- THE TASK: Repeat only the lines from the one containing "上周个股间分化处于高位,全周下来个股间分化指标仍处在高位。" to the final line below, exactly as they read, and leave every picture out.

Recorded data
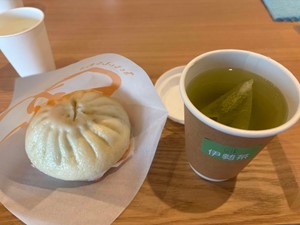 11.11時までモーニングサービスで伊勢茶に豚まんが
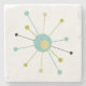 Atomic Starburst Aqua Blue Yellow Mid Mod Stone Coaster
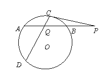 (1)求线段PC的长; (2)作⊙O的弦CD交AB于点Q(CQ<DQ),且Q为AB中点,又CD = 5,求线段CQ的长。
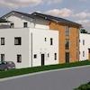 Der Entwurf für das zweistöckige Mehrfamilienhaus mit einem Schrägdach strahlt einen modernen und eleganten Stil aus. Die großen Fenster im Erd- und Obergeschoss ermöglichen lichtdurchflutete Räume und setzen stilvolle Akzente in der Architektur. Es sind insgesamt vier Wohnungen geplant, die jeweils etwa 90 m² groß sein werden. Der Wohn- und Essbereich ist offen gestaltet und bietet im Erdgeschoss eine Fläche von 35 m² und im Obergeschoss eine repräsentative Fläche von 39,5 m². Die Badezimmer können je nach Bedarf und den Bauvorschriften barrierearm oder barrierefrei gestaltet werden. Waschmaschine und Trockner werden geschickt in einer Nische platziert. Zusätzlich zum Hauptschlafzimmer gibt es einen Raum, der als zweites Schlafzimmer, Gästezimmer, Arbeitszimmer oder Kinderzimmer genutzt werden kann. Ein Gäste-WC rundet das Raumangebot ab.
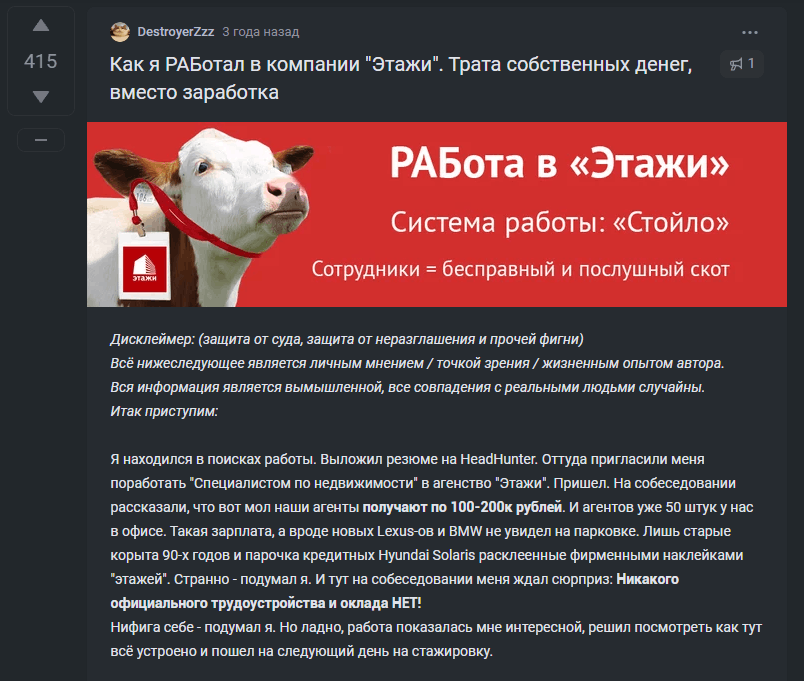 Довольные сотрудники работают дальше, недовольные рано или поздно увольняются и рассказывают про свой опыт. Внешне это выглядит как перекос, отзывы в основном негативные, но по факту это ошибка выжившего — в интернете оседают только мнения тех, кто уволился. Остальных устраивают компания и условия работы. Либо они делают вид, что устраивают.
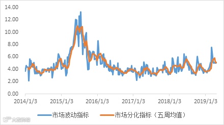 上周个股间分化处于高位,全周下来个股间分化指标仍处在高位。
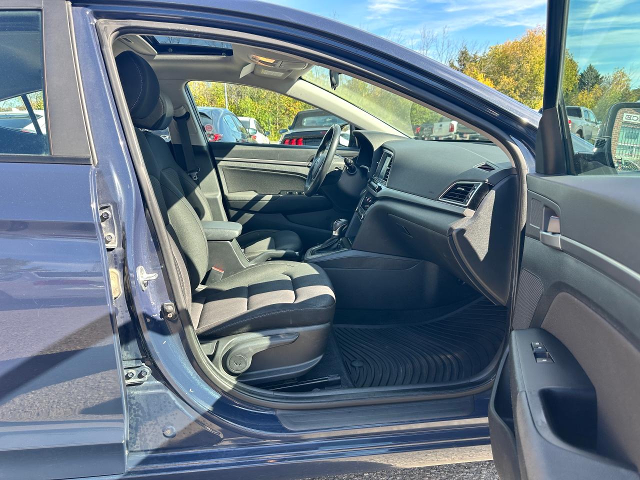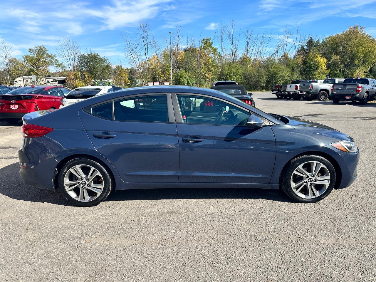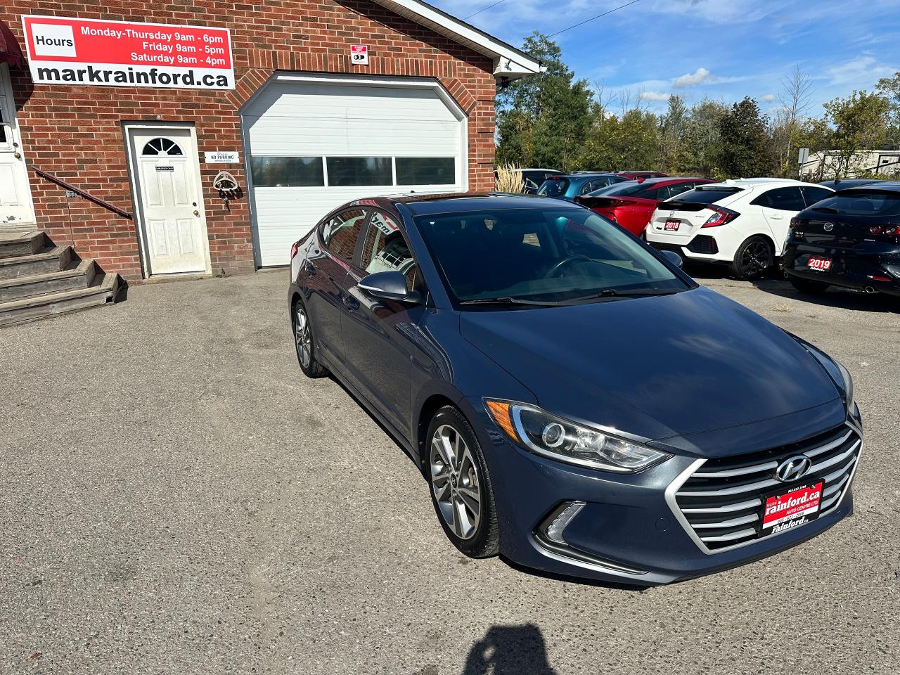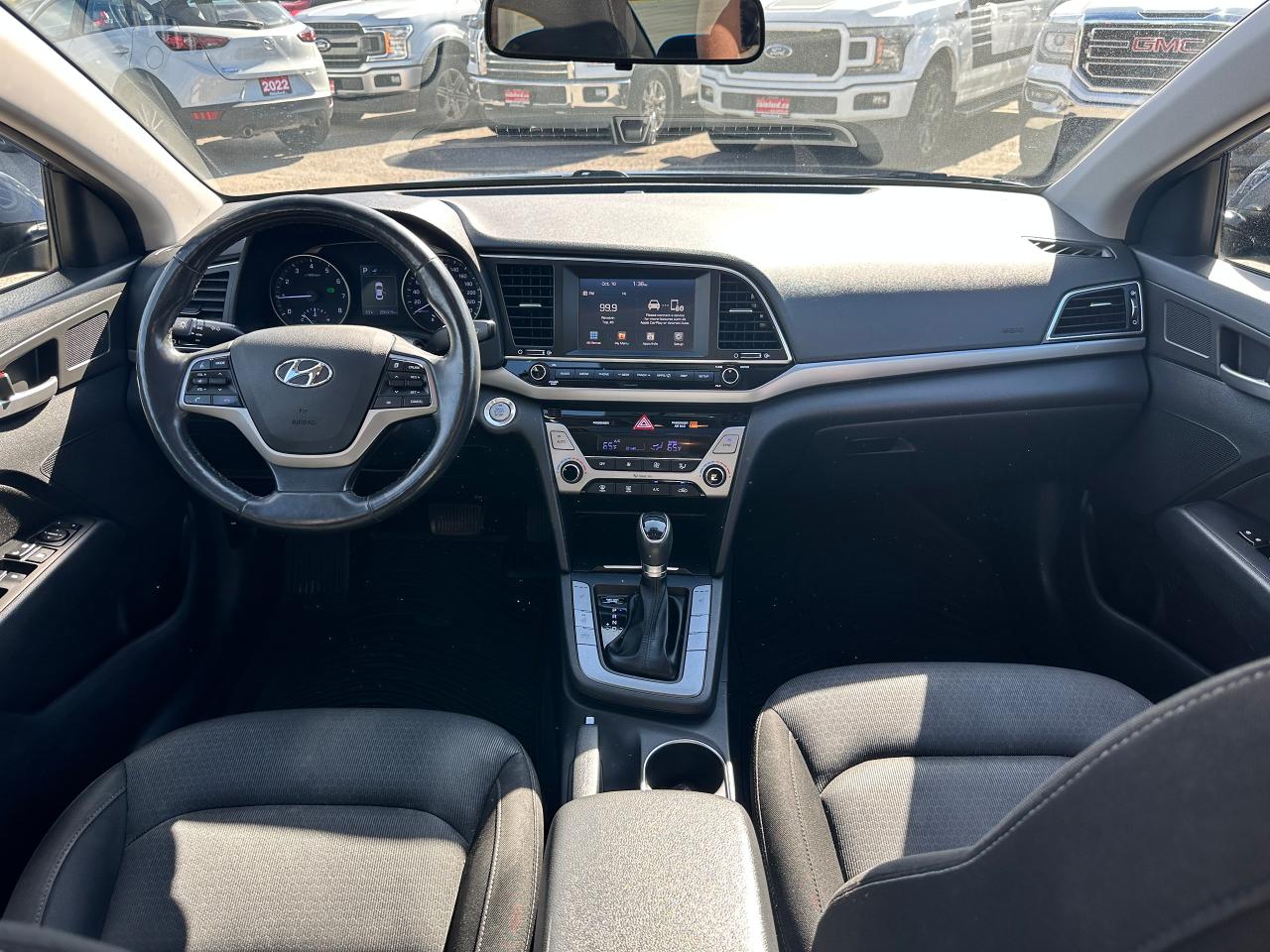 Super-Clean local Hyundai Elantra from Bowmanville, ON! This One Owner GLS model looks great in its Grey/Blue paint with nice options inside and out! The exterior features keyless entry with proximity keys, a large factory sunroof, colour-matched side mirrors with integrated turn signals, blind spot monitors, gorgeous factory alloy wheels, a peppy fuel-efficient 2.0L 4-cylinder Engine and Automatic transmission! The interior is clean and comfortable with heated cloth seats front and rear, power door locks, windows and mirrors, a heated leather wrapped steering wheel with Audio and Cruise controls, an easy to read and use gauge cluster, push button start, a large central touch screen AM/FM/XM Satellite Radio with Bluetooth, Apple CarPlay, Android Auto and Backup Camera, Dual-Zone A/C climate control with front and rear window defrost settings, USB/AUX/12V accessory ports, ECO/Sport Driving Modes, and more!

- RESPONSE FOR THIS EXERCISE:
 上周个股间分化处于高位,全周下来个股间分化指标仍处在高位。
 Super-Clean local Hyundai Elantra from Bowmanville, ON! This One Owner GLS model looks great in its Grey/Blue paint with nice options inside and out! The exterior features keyless entry with proximity keys, a large factory sunroof, colour-matched side mirrors with integrated turn signals, blind spot monitors, gorgeous factory alloy wheels, a peppy fuel-efficient 2.0L 4-cylinder Engine and Automatic transmission! The interior is clean and comfortable with heated cloth seats front and rear, power door locks, windows and mirrors, a heated leather wrapped steering wheel with Audio and Cruise controls, an easy to read and use gauge cluster, push button start, a large central touch screen AM/FM/XM Satellite Radio with Bluetooth, Apple CarPlay, Android Auto and Backup Camera, Dual-Zone A/C climate control with front and rear window defrost settings, USB/AUX/12V accessory ports, ECO/Sport Driving Modes, and more!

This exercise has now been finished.